• **Task description**: The data that follows is to be copied exactly, with each image removed.

• **Stored data**:
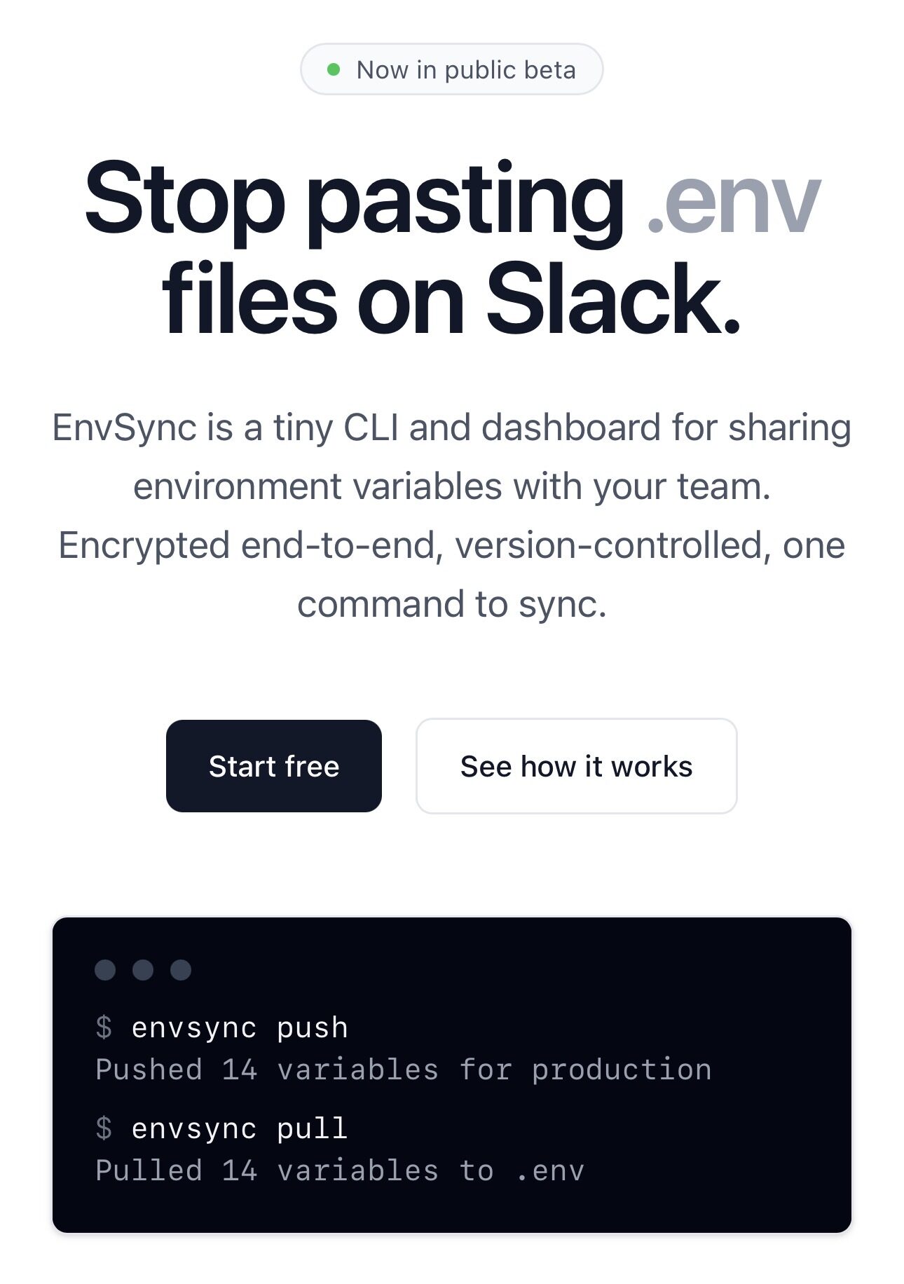 Un .env qui circule en DM, sur un drive partagé ou dans une discussion Slack, c’est une fuite qui attend de se produire. EnvSync remplace ce désordre par un flux clair, chiffré et auditable.
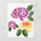 Carte postale avec ma peinture originale aquarelle de pivoines roses et de pivoines jaunes contre un arrière - plan blanc.
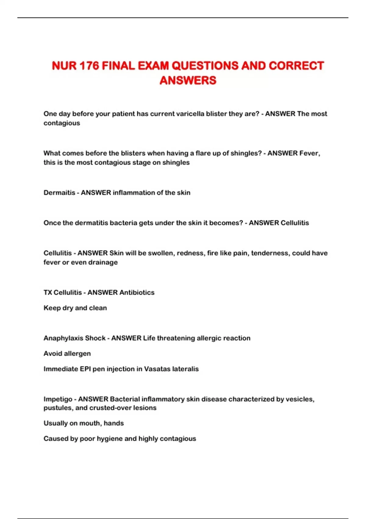 NUR 176 FINAL EXAM QUESTIONS AND CORRECT ANSWERS...
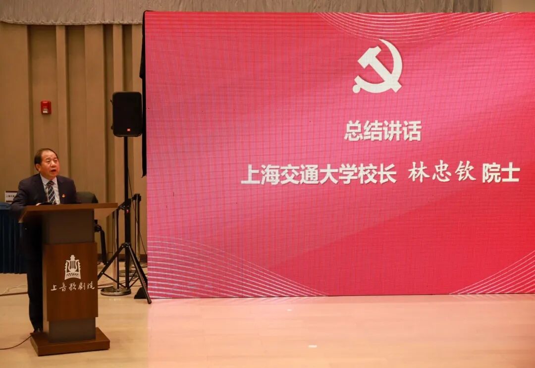 林忠钦对上海音乐学院建校95周年表示祝贺。他表示,经过双方前期精心策划,本次学习活动形式生动,内容充实,成果丰硕。他强调,上海交通大学与上海音乐学院有着深厚的历史渊源和良好的合作基础,两校在办学方向上有很强的互补性,期待双方充分发挥各自优势,紧密合作,互利共赢。上音将在美育、校园文化建设等方面为交大艺术团建设和提升学生艺术素养等工作上提供支持,交大将在科技类课程、人工智能等方面为上音学科建设、科学研究及校园信息化等工作上提供协助,希望本次签约促进双方全面合作,推动产出更多合作成果,共同培养更多德智体美劳全面发展的社会主义建设者和接班人。

• **Response area**:
 Un .env qui circule en DM, sur un drive partagé ou dans une discussion Slack, c’est une fuite qui attend de se produire. EnvSync remplace ce désordre par un flux clair, chiffré et auditable.
 Carte postale avec ma peinture originale aquarelle de pivoines roses et de pivoines jaunes contre un arrière - plan blanc.
 NUR 176 FINAL EXAM QUESTIONS AND CORRECT ANSWERS...
 林忠钦对上海音乐学院建校95周年表示祝贺。他表示,经过双方前期精心策划,本次学习活动形式生动,内容充实,成果丰硕。他强调,上海交通大学与上海音乐学院有着深厚的历史渊源和良好的合作基础,两校在办学方向上有很强的互补性,期待双方充分发挥各自优势,紧密合作,互利共赢。上音将在美育、校园文化建设等方面为交大艺术团建设和提升学生艺术素养等工作上提供支持,交大将在科技类课程、人工智能等方面为上音学科建设、科学研究及校园信息化等工作上提供协助,希望本次签约促进双方全面合作,推动产出更多合作成果,共同培养更多德智体美劳全面发展的社会主义建设者和接班人。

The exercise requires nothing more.